Exercise data –
◇ ◇ ◇
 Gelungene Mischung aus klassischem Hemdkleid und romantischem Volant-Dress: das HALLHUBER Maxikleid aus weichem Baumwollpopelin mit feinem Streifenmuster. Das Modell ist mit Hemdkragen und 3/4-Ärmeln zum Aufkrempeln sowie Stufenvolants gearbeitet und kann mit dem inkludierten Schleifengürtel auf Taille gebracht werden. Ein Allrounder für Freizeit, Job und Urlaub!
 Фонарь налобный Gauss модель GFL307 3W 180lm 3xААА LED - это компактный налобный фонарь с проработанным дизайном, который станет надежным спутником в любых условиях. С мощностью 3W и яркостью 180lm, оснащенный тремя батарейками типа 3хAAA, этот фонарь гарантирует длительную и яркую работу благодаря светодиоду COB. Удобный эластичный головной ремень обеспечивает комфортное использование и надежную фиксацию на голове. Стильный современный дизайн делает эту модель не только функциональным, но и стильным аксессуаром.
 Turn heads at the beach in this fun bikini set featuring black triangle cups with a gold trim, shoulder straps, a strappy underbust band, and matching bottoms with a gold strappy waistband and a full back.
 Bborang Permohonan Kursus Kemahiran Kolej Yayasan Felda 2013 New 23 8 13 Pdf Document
◇ ◇ ◇
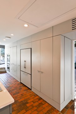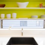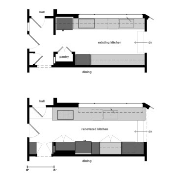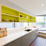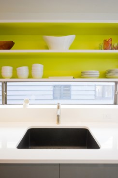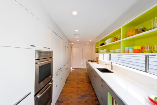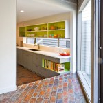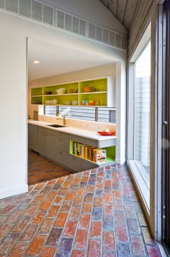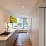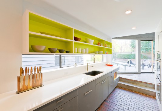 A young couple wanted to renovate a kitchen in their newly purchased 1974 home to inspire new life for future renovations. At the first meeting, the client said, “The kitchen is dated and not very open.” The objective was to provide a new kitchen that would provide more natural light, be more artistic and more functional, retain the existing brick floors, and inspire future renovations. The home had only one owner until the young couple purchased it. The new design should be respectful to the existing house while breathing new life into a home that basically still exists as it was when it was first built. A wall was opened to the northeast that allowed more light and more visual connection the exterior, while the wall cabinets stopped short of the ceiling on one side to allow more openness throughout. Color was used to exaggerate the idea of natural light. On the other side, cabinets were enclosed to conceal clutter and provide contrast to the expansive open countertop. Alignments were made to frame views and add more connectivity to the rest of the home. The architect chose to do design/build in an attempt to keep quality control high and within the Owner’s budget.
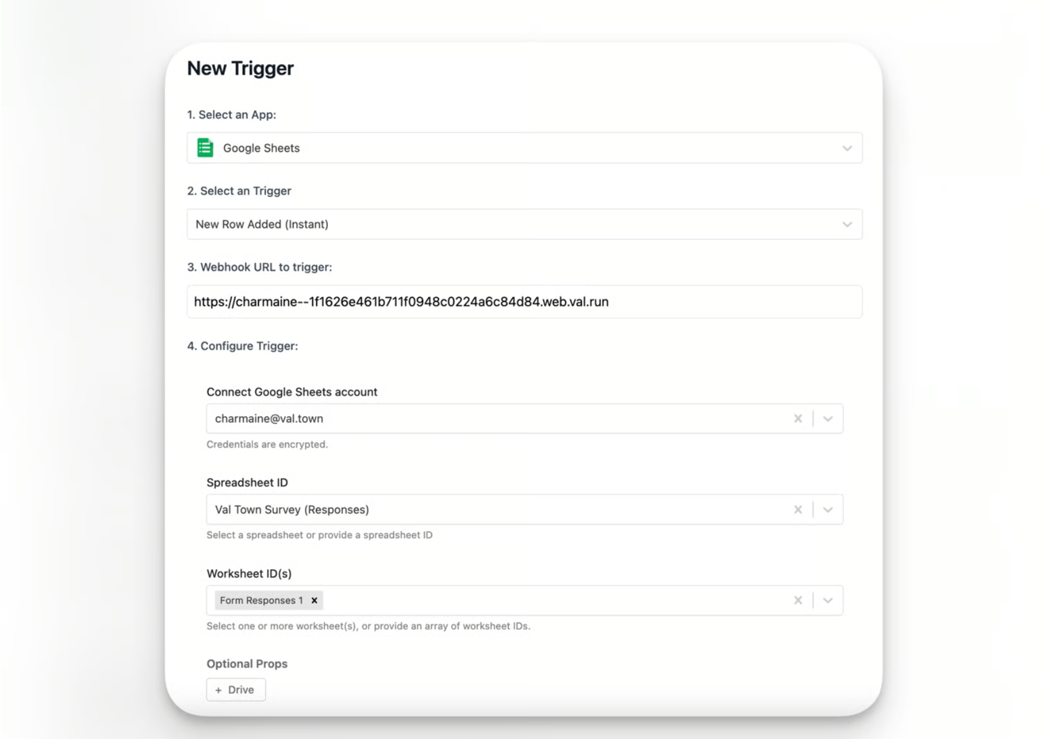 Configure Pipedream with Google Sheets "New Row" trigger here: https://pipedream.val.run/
◇ ◇ ◇
Task requirements –
When copying from the data above, print only the lines from the line containing "A young couple" to the line containing "Configure Pipedream with", exactly, and leave the pictures out.

Result –
 A young couple wanted to renovate a kitchen in their newly purchased 1974 home to inspire new life for future renovations. At the first meeting, the client said, “The kitchen is dated and not very open.” The objective was to provide a new kitchen that would provide more natural light, be more artistic and more functional, retain the existing brick floors, and inspire future renovations. The home had only one owner until the young couple purchased it. The new design should be respectful to the existing house while breathing new life into a home that basically still exists as it was when it was first built. A wall was opened to the northeast that allowed more light and more visual connection the exterior, while the wall cabinets stopped short of the ceiling on one side to allow more openness throughout. Color was used to exaggerate the idea of natural light. On the other side, cabinets were enclosed to conceal clutter and provide contrast to the expansive open countertop. Alignments were made to frame views and add more connectivity to the rest of the home. The architect chose to do design/build in an attempt to keep quality control high and within the Owner’s budget.
 Configure Pipedream with Google Sheets "New Row" trigger here: https://pipedream.val.run/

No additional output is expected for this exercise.